Over the years, Beijing has become more and more quick-tempered, not to say paranoid, about Tibet. Recently, the Chinese under-20 men’s football team was in Germany to play a series of friendly matches against local teams as part of a project to improve China’s chances at the 2020 Tokyo Olympics. One should remember that President Xi Jinping is a great soccer fan and his "Chinese dream" includes a great national soccer team.
The exchange was organised by the Chinese Football Association (CFA) and its German counterpart (DFB). It would have been an innocuous incident elsewhere, but on November 18, during a match against TSV Schott Mainz, a regional team, some Tibetan activists unfurled Tibetan flags; furious, the Chinese players left the pitch for around 20 minutes in protest.
It later turned into a full-fledged diplomatic incident. The German football association said that the Chinese under-20s would not play the three matches scheduled before the end of the year, while the CFA announced: “It has been decided to pause the U20 project and arrangements have been made for the team to return home.”
The German media was rather amused by this knee-jerk reaction. But The People’s Daily was not. “It was inconceivable that the just act of safeguarding China’s national interest was labelled by some German media outlets as an ‘attack on freedom of expression’ and a ‘suppression of democratic rights’,” it wrote. The mouthpiece of the Communist Party questioned: “Where was the friendship in the ‘friendly’ games,” adding: “Who would tolerate turning a sports game into a political assault against national sovereignty.”
The paper went in a long tirade justifying China’s stand on Tibet: “Tibet has been China’s territory since ancient times, and the Tibet issue involves China’s core interests and the feelings of the Chinese people.” It even quoted Pierre de Coubertin, the father of the modern Olympics Games. “O Sport, You are Peace! … Through you, the young of the entire world learn to respect one another, and thus the diversity of national traits becomes a source of generous and peaceful emulation!”
Well, it is doubtful that the French baron would have banned the Tibetans to exist as a nation; he was a great humanist, but that is another story. The point is that China is getting touchier; a historical incident about the Tibetan flag is telling. Phuntso Tashi Takla, the Dalai Lama’s brother-in-law, was in charge of the Tibetan leader’s security when the latter visited China in 1954-55.
Three decades ago, in an interview, Takla told me: “In 1954, the Chinese extended full courtesy and cooperation to the Dalai Lama. On some occasions, Mao Zedong came himself to the Dalai Lama’s guest house in Beijing. During one of the several discussions that the Dalai Lama and Mao Zedong had, they were talking on some subject, when Mao suddenly said: “Don’t you have a flag of your own, if you have one, you can hoist it here”. Takla was surprised to hear Mao speaking thus.

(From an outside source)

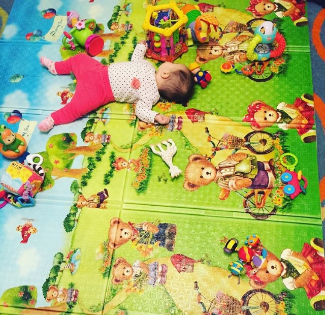 Ого, как не боялись оставлять) Я еще в 3 мес спустила на пол) Я лично не вижу смысла в дорогих ковриках, все равно малыш скоро поползет и будет лазить везде, кроме этого ковра. У нас обычный детский икеа, он как плацдарм для игрушек, но удерживать на нем дочу не буду)

In his memoirs, the Dalai Lama’s translator Phuntso Wangyal corroborated the story. “One day, Mao unexpectedly came to visit the Dalai Lama at his residence… During their conversation, Mao said, ‘I heard that you have a national flag, do you? They do not want you to carry it, isn't that right?’ Since Mao asked this with no warning that the topic was to be discussed, the Dalai Lama just replied, ‘We have an army flag’. I thought that was a shrewd answer because it didn't say whether Tibet had a national flag. Mao perceived that the Dalai Lama was concerned by his question and immediately told him, ‘That is no problem. You may keep your national flag’. Mao definitely said ‘national’ flag,” recalled Wangyal.
The episode in Germany reminded of another incident during President Jiang Zemin’s visit to Switzerland in 1999. As Jiang arrived near the Swiss national parliament building in Berne, a dozen Tibetan sympathisers standing on the rooftop of a nearby building unrolled banners to which multi-coloured balloons were attached; it said ‘Dialogue with Tibet’ and ‘Free Tibet’.
The incident made the Chinese President so angry that in his speech to the Swiss parliament he said: “You've lost a good friend.” He asked his hosts through an interpreter: “Do you not have this capacity to run this country?” He continued: “I have visited many countries all over the world and have always been welcomed everywhere.” Later, Jiang declined to shake hands with Swiss President Ruth Dreifuss. It was a great diplomatic embarrassment for his hosts.
These incidents raise serious questions. Was Mao, the ruthless leader, more tolerant than his successors? Why is China today so nervous when it comes to the Dalai Lama or Tibet?
One reason is probably a guilt consciousness; Beijing knows perfectly well that till 1951 Tibet was an independent nation; did not Mao speak of ‘liberating’ and reuniting Tibet with the motherland? The Dalai Lama recently declared in Kolkata that he does not seek independence from China: “The past is past. We will have to look into the future. We are not seeking independence... We want to stay with China. We want more development."
Were Beijing to agree to the Tibetan leader’s proposal, what would happen if some young Tibetans unfurl a flag in Lhasa? It is frightening just to think of it.